Водитель так и не проронил ни слова. Может, тоже робот.
В конце переулка угадывались по очертаниям короба Нового Арбата. Без подсветки.
– «Министерство по делам Северного Кавказа»! Нам точно сюда?
– Соседнюю табличку читай.
Здесь не было ни заборов, ни будок охраны: в узком переулке, где все наступало друг другу на пятки, министерское здание буквально вываливалось на тротуар всем суповым набором русского модерна, чуть ли не горгульями, на проезжую часть.
– Я все-таки позвоню еще раз, – сказал Алекс, которому почему-то не хотелось входить.
«Абонент недоступен или находится вне зоны действия сети».

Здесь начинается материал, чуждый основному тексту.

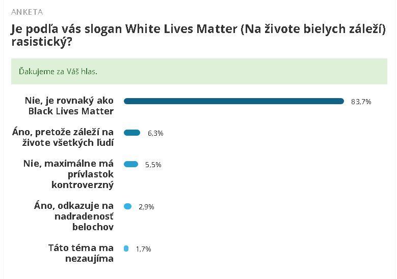 Chceli by sme sa vyjadriť, že vyvesením transparentu: WHITE LIVES MATTER, nevidíme nič čo by nás malo spájat s akýmkoľvek prejavom rasizmu, nakoľko myšlienka bola poukázať, že AJ NA BIELOM ŽIVOTE ZÁLEŽÍ. Dnes média nato ľahko zabúdajú a do pozornosti dávajú iba hnutie BLM.
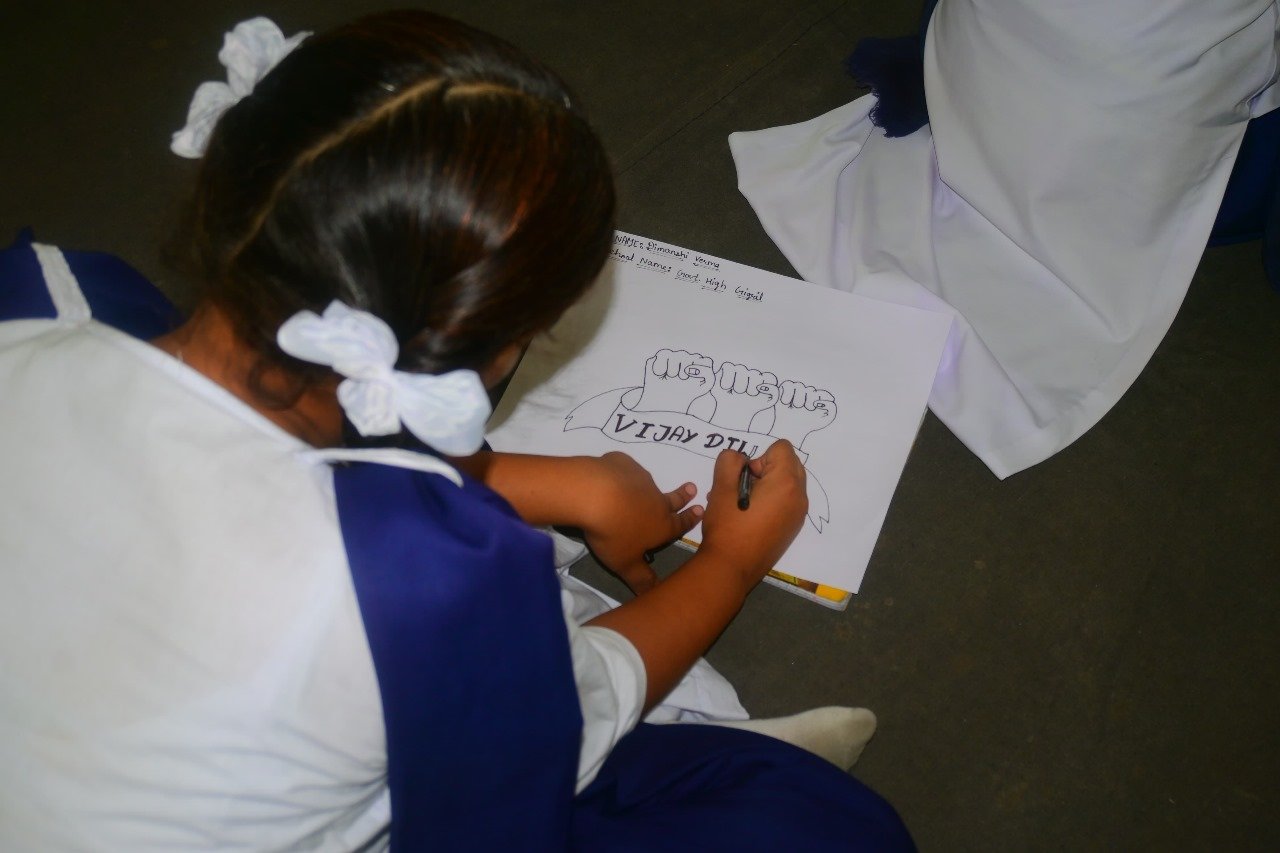 The students participated enthusiastically, using colours and creativity to depict the patriotism and spirit of the Indian Army.

Внутри полиции тоже не было. Не просто физически не было (это тоже), а будто и не предусматривалось: стоял боком вахтерский стол, как в советском кино. Наверх вела вычурная лестница. Да какие-то огонечки, мониторы мерцали.

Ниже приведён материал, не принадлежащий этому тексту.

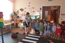 В минувшую неделю в детском саду для подготовительной группы было проведено открытое образовательное занятие "Необычный день Зебрят" по правилам дорожного движения. Дети активно отвечали на вопросы, разгадывали загадки по ПДД, помогли детям из будущего, выполнили задание Гос авто инспектора Свистулькина- сделали и раскрасили необычной -флуоресцентной краской фликеры . Занятие получилось не только полезным, но и веселым и интересным!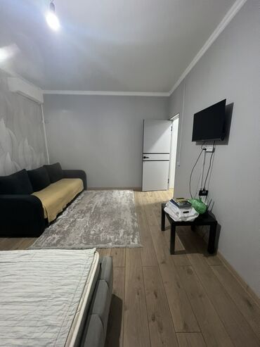 Студия/комната современного формата с мебелью и техникой.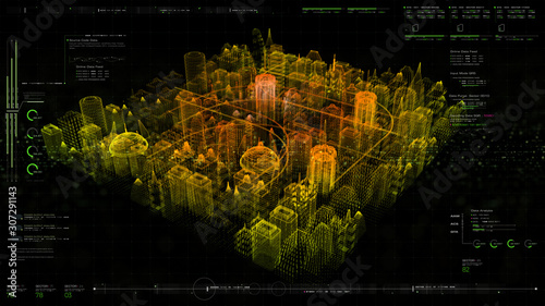 Wall mural futuristic holographic city digitally generated image virtual reality matrix particles in cyber spac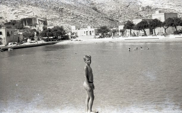 This black and white photograph, taken in 1957 at Xlendi bay, captures young Bruce Williams standing on the rocky shoreline, gazing at the camera. Dressed in simple swimwear, he appears relaxed, enjoying a peaceful day by the sea. In the background, a group of children swims in the calm bay while limestone buildings, trees, and a small pier line the shore. A statue and parked vehicles suggest a modest but lively seaside village setting. Captured by his father, Maldwyn E. Williams, this image preserves a timeless moment of childhood in a tranquil Mediterranean landscape.
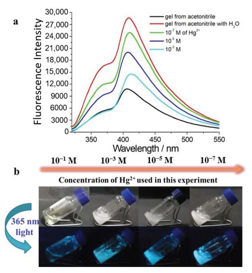 - Yang, H.-L.; Sun, X.-W.; Zhang, Y.-M.; Wang, Z.-H.; Zhu, W.; Fan, Y.-Q.; Wei, T.-B.; Yao, H.; Lin, Q. A bi-component supramolecular gel for selective fluorescence detection and removal of Hg2+ in water. Soft Matter 2019, 15, 9547–9552. [Google Scholar] [CrossRef]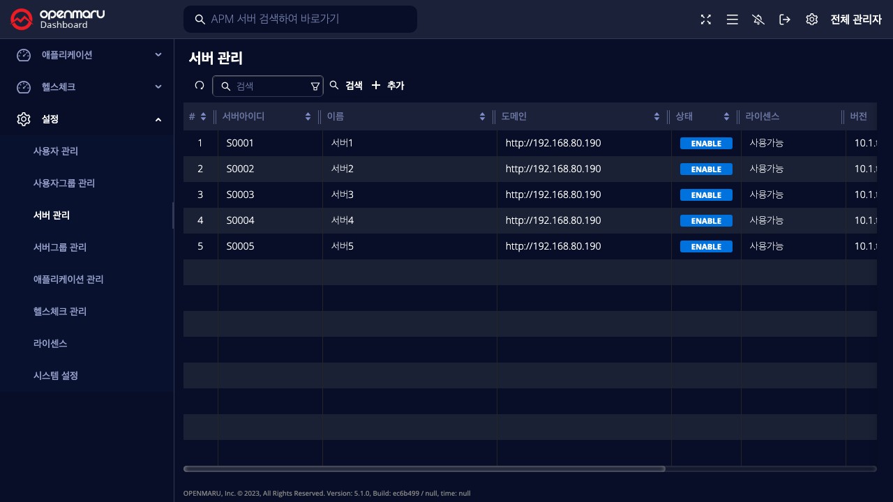 서버 관리 페이지에서는 서버의 등록, 수정, 삭제가 가능하다.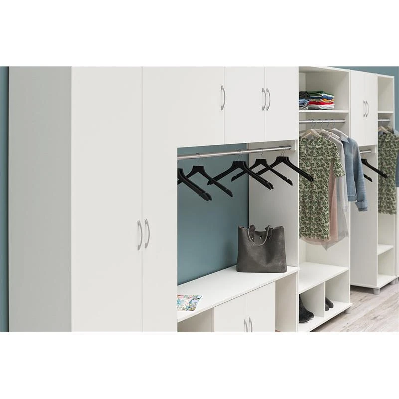 Get organized from the moment you walk in the door with the Lory 36″ Mudroom Cabinet by SystemBuild. Made of laminated particleboard in a neutral finish, the Lory Mudroom Cabinet is both attractive and affordable. The interior of this Cabinet features 2 lower cubbies for shoes or bins, a lower shelf perfect for backpacks or purses, a coat rack, and an upper shelf for hats, gloves and other essentials. Perfect for back to school to keep coats and backpacks in one place for a smooth, no fuss morning routine. Limited space? The Lory Mudroom Cabinet works great in the garage or basement as well. With adjustable feet, keeping your Cabinet level on uneven floors is simple. A wall anchor kit is included to secure the Cabinet to the wall and prevent tipping injuries. Use this piece as a stand-alone item, or combine it with additional SystemBuild Lory items to create the perfect storage solution for every area of your home. The Wide Mudroom Cabinet ships flat to your door and 2 adults are recommended to assemble. Once assembled, the Cabinet measures to be 74.25” H x 36” W x 15.4” D.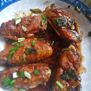 把鸡翅洗净,划两到口子(比较容易入味),把葱切成葱花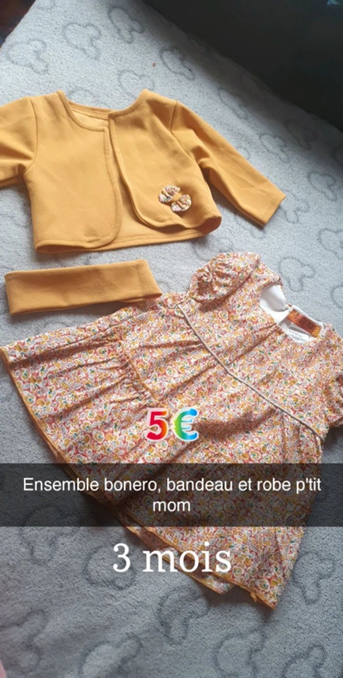 Ensemble robe, gilet et bandeau fille 3 mois. #elostitch3moisfille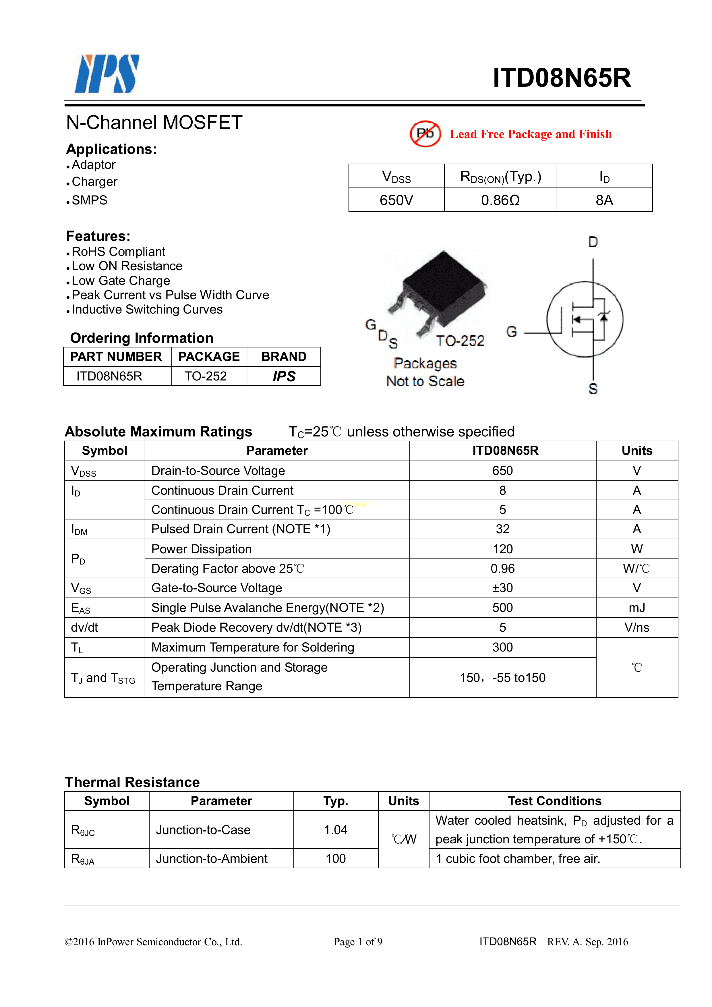 ITD08N65R数据手册TO-252封装CRMICRO(华润微)PDF规格书,中英文下载
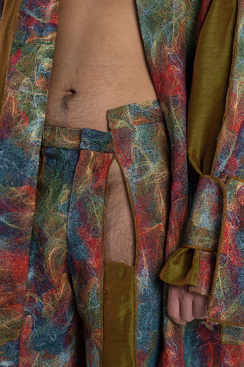 ¿Y sobre la colección Le Manoir? Esta colección es muy distinta a todo lo anterior. Nace de la renovación, buscaba crear piezas únicas y “raras” con materiales cotidianos y del hogar, es un claro ejemplo de contraste. Los materiales de tapicería dan mucho juego y siempre son los olvidados de la moda, por eso quería darle una toque especial a esta colección renovando alfombras, cortinas, edredones…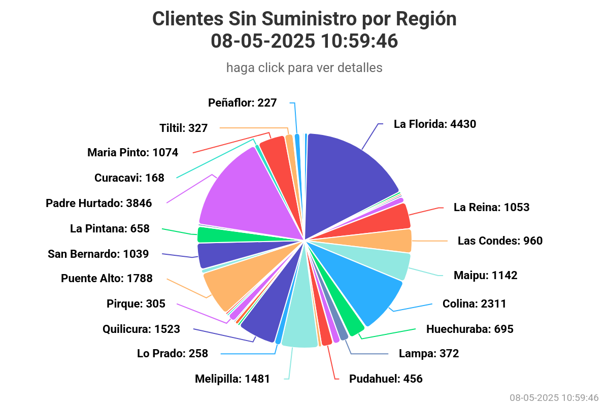 Las comunas de Padre Hurtado (3.846), La Florida (4.430), Colina (2.311) y Puente Alto (1.788), son las más afectadas.
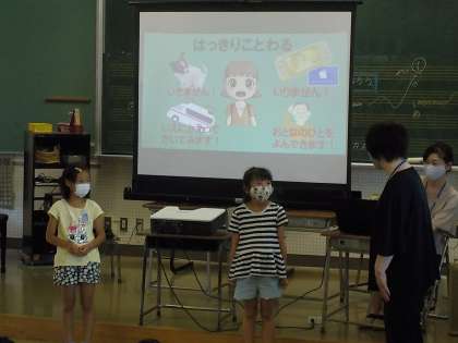代表の子供たちが実際に受け答えなどを実践し、体験的に学ぶことができました。今日学んだことを生かして、これからも安心・安全に過ごして欲しいと思います。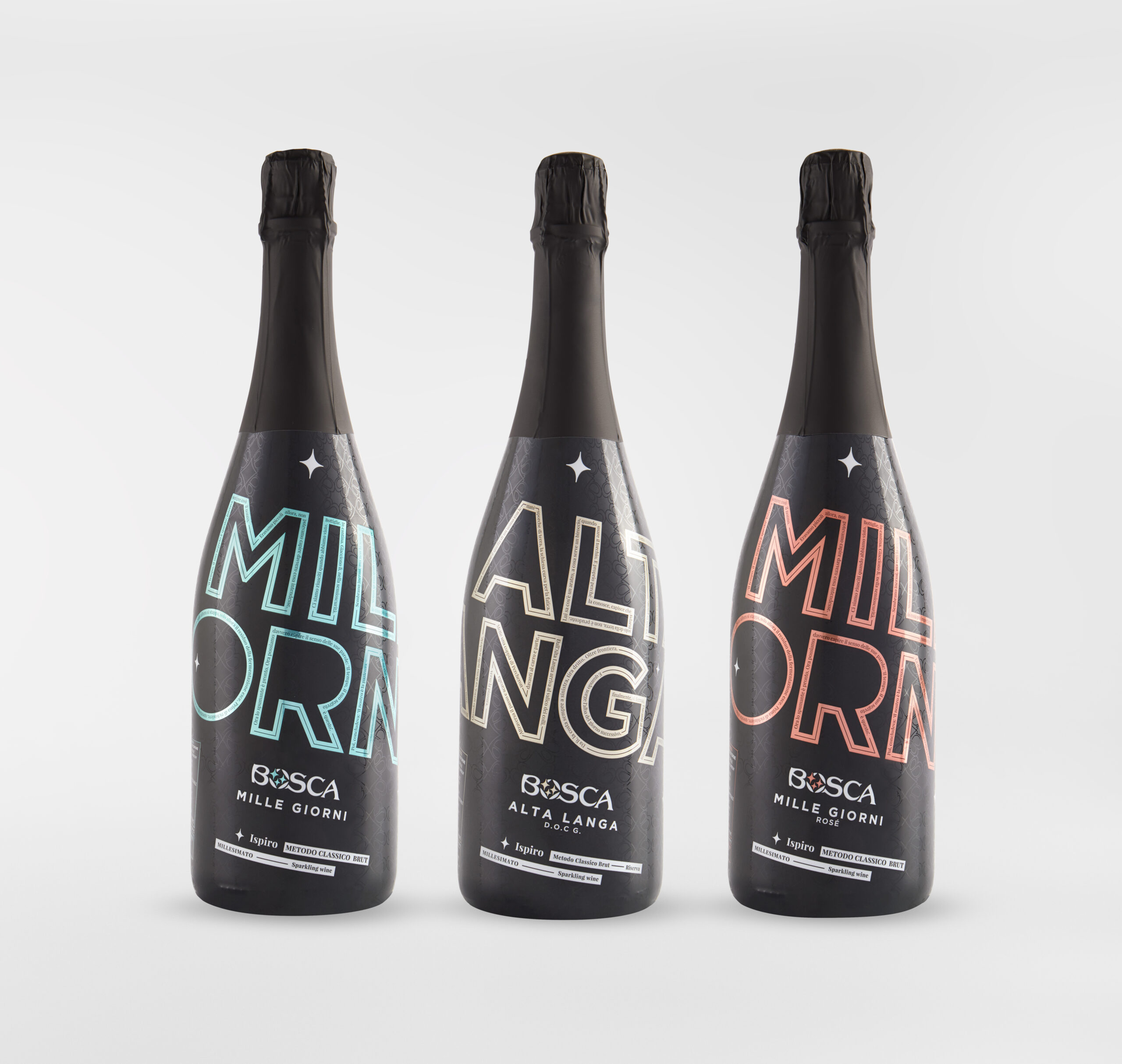 Bosca amplia il presidio del canale Ho.Re.Ca con l’inserimento di una nuova linea composta da tre vini spumanti Metodo Classico parte della collezione “Ispiro” (Alta Langa D.O.C.G., Mille Giorni, Mille Giorni Rosè) e da quattro vini spumanti Metodo Charmat parte della collezione “Esploro” (Piemonte D.O.C., Piemonte D.O.C. Pinot Nero Ros , Asti D.O.C.G. e Asti D.O.C.G. Secco).

– Есть кто живой? – прокричала Валерия под сводами и достала паспорт.
Охранник, вероятно, вышел в туалет, но вообще, все это было нехорошо.
– Нам наврал этот мент, – малодушно предположил Алекс. – Ну да, какие-то люди пришли ночью… Им что, адреса будут раздавать? Да нет здесь никого!
«Штаб временного президиума правительства». Это было написано, наклеено на каком-то журнале на столе охраны. Валерия указала на этот журнал молча.
– Да? Ну ладно. Ну и что?.. У них, может, десять штабов по Москве. Они, может, вообще в бункере каком-нибудь сидят…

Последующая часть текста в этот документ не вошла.